Monsieur le président, monsieur le ministre de l’intérieur, monsieur le président de la commission des lois constitutionnelles, de la législation et de l’administration générale de la République, mes chers collègues, cette présente proposition de loi vise à faciliter l’une des missions statutaires de la Croix-Rouge, consacrée par les conventions de Genève de 1949 et par ses protocoles additionnels, relative au rétablissement des liens familiaux, afin de maintenir ou rétablir les liens entre les membres d’une famille et de faire la lumière sur le sort des personnes portées disparues, lorsqu’un conflit, une catastrophe naturelle ou d’origine humaine, ou toute autre situation ayant une incidence sur le plan humanitaire, vient rompre les liens familiaux.
Cette mission se décline autour de quatre activités : la recherche des membres de la famille, l’appui à la démarche de réunification familiale lorsque la Croix-Rouge a retrouvé les proches, la transmission de nouvelles familiales lorsque tous les autres moyens de communication sont bloqués ou inaccessibles et la délivrance de certains documents par le Comité international de la Croix-Rouge pour faire valoir un droit ou par les États – documents d’état civil, certificats, attestations diverses.
Pour lui permettre de retrouver plus facilement une personne recherchée dans le cadre de sa mission de rétablissement des liens familiaux, la présente proposition de loi accorde à la Croix-Rouge française des dérogations ciblées, afin d’obtenir des administrations françaises, entendues au sens large, communication de documents administratifs comprenant des données à caractère nominatif, en vue de retrouver la personne. Cette proposition de loi résulte d’un travail de longue haleine que nous poursuivons depuis deux ans déjà : c’est pourquoi je suis très heureuse qu’elle soit désormais inscrite à l’ordre du jour de notre assemblée, d’autant que nous venons tous d’être sollicités dans le cadre des journées nationales de la Croix-Rouge française.

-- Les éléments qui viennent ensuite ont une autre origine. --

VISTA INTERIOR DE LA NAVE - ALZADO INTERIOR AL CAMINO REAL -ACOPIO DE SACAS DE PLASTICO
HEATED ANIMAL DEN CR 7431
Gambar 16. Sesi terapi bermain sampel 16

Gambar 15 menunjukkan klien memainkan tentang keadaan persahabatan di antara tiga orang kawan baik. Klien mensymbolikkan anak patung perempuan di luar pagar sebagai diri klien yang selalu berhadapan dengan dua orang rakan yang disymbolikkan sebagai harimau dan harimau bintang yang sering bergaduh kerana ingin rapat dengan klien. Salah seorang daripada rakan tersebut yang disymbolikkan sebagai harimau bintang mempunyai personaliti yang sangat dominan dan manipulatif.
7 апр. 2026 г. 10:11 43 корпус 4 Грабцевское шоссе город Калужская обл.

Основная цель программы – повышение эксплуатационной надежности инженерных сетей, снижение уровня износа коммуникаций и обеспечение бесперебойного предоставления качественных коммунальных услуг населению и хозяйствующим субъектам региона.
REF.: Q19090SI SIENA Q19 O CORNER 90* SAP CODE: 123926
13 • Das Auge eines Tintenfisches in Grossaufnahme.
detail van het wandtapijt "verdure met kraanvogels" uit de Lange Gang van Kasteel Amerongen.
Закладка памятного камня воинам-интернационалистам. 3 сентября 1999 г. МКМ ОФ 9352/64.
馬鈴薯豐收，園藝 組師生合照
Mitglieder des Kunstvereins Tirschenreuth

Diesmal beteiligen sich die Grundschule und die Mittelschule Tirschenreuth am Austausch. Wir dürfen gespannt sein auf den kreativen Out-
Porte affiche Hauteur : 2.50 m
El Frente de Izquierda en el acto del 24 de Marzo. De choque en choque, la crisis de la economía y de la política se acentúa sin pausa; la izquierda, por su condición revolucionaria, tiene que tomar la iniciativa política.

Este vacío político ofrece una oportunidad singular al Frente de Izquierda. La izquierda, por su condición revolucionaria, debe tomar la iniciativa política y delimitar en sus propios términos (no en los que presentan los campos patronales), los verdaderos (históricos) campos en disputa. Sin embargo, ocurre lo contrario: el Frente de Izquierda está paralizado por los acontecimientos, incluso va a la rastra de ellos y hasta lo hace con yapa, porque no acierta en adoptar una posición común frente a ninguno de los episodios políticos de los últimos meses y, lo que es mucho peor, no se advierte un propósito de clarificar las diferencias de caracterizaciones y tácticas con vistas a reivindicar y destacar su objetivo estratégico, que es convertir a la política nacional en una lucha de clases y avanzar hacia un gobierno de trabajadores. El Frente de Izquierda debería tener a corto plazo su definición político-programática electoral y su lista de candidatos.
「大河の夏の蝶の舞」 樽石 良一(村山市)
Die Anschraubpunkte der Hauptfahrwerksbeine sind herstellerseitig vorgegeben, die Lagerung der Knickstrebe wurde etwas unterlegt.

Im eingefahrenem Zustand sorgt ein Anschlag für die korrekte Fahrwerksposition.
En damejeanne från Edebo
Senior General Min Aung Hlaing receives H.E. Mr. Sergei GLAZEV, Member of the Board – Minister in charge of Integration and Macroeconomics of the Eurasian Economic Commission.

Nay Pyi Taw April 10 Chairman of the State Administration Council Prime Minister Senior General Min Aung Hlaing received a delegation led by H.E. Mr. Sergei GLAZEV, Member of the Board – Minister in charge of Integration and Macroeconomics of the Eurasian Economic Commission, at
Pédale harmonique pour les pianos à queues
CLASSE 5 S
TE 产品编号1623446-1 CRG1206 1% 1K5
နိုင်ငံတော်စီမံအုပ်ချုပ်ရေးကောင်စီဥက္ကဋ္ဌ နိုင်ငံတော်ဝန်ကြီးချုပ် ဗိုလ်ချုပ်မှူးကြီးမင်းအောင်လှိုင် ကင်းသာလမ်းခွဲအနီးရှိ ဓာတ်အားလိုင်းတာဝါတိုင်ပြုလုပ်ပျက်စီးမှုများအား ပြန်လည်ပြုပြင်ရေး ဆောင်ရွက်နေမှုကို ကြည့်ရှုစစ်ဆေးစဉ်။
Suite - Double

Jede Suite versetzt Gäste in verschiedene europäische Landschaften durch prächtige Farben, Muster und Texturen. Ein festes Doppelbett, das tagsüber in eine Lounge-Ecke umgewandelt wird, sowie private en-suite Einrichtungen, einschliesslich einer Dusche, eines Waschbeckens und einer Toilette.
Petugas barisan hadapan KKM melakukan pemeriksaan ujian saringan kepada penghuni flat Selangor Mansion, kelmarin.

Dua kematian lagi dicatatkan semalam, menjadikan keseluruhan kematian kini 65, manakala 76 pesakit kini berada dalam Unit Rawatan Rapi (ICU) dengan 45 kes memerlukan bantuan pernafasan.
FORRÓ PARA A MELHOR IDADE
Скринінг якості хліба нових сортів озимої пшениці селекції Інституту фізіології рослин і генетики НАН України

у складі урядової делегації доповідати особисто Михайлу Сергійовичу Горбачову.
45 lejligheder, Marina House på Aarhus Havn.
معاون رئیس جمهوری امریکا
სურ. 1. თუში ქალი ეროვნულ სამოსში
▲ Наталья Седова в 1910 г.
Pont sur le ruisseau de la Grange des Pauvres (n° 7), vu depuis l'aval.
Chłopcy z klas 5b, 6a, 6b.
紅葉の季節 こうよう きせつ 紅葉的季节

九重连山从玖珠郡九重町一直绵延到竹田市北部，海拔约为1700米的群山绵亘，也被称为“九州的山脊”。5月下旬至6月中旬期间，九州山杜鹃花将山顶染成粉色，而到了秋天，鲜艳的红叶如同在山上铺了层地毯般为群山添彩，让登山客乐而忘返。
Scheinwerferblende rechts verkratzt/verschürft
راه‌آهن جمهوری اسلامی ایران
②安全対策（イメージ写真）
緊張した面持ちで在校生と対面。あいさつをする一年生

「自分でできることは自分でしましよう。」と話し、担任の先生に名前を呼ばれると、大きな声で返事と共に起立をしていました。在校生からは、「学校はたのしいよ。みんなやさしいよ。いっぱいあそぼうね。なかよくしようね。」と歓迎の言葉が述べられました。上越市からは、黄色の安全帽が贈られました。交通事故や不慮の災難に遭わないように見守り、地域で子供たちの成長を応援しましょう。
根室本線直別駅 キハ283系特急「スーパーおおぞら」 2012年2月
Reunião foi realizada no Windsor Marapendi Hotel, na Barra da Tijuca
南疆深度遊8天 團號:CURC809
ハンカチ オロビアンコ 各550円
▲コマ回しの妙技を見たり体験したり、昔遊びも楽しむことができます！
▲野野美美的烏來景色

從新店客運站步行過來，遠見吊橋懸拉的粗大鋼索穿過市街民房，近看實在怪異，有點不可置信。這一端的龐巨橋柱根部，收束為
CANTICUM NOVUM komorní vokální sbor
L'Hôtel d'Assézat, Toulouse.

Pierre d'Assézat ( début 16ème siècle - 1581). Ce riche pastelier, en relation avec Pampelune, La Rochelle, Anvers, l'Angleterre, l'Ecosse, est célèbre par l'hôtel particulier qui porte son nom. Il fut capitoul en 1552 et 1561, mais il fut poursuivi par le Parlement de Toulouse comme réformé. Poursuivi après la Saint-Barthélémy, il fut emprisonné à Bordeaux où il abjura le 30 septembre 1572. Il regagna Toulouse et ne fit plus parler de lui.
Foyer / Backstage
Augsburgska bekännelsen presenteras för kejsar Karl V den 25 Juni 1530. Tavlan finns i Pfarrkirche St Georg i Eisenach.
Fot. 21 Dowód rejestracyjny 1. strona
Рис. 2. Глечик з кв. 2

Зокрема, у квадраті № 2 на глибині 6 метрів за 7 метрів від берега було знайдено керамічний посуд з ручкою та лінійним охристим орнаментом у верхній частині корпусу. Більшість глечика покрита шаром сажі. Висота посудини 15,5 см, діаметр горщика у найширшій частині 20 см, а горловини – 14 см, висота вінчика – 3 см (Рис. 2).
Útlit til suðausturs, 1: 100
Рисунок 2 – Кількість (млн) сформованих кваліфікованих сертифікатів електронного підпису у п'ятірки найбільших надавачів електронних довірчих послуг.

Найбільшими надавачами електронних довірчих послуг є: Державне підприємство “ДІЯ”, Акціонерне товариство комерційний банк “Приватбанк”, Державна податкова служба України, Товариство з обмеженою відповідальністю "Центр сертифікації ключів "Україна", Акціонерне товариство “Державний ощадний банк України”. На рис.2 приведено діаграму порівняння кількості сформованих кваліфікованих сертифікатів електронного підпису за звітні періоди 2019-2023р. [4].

Comme vous le savez, la Croix-Rouge est une organisation structurante, exerçant depuis 150 ans un rôle essentiel dans notre pays. Elle est la première association française, tant par la diversité de ses interventions dans le domaine de l’action sociale, médico-sociale, sanitaire et humanitaire, en France et à l’étranger, que par la densité de son maillage territorial : 910 délégations locales, 50 000 bénévoles et 189 autres sociétés nationales dans son réseau international.
L’objectif de cette proposition de loi est simple : il s’agit d’aider des familles installées en France ou à l’étranger à retrouver, par l’intermédiaire du Mouvement international de la Croix-Rouge, des proches desquels elles ont été séparées dans des situations violentes ou traumatiques : sont ici visées les situations de guerre, de conflit armé, d’attentat, de catastrophe naturelle ou humanitaire. En revanche, sont exclues, par exemple, les recherches de personnes disparues dans des conditions suspectes, les recherches généalogiques, ou celles qui résultent d’une procédure d’adoption, pour lesquelles les services de rétablissement des liens familiaux de la Croix-Rouge ne sauraient être compétents.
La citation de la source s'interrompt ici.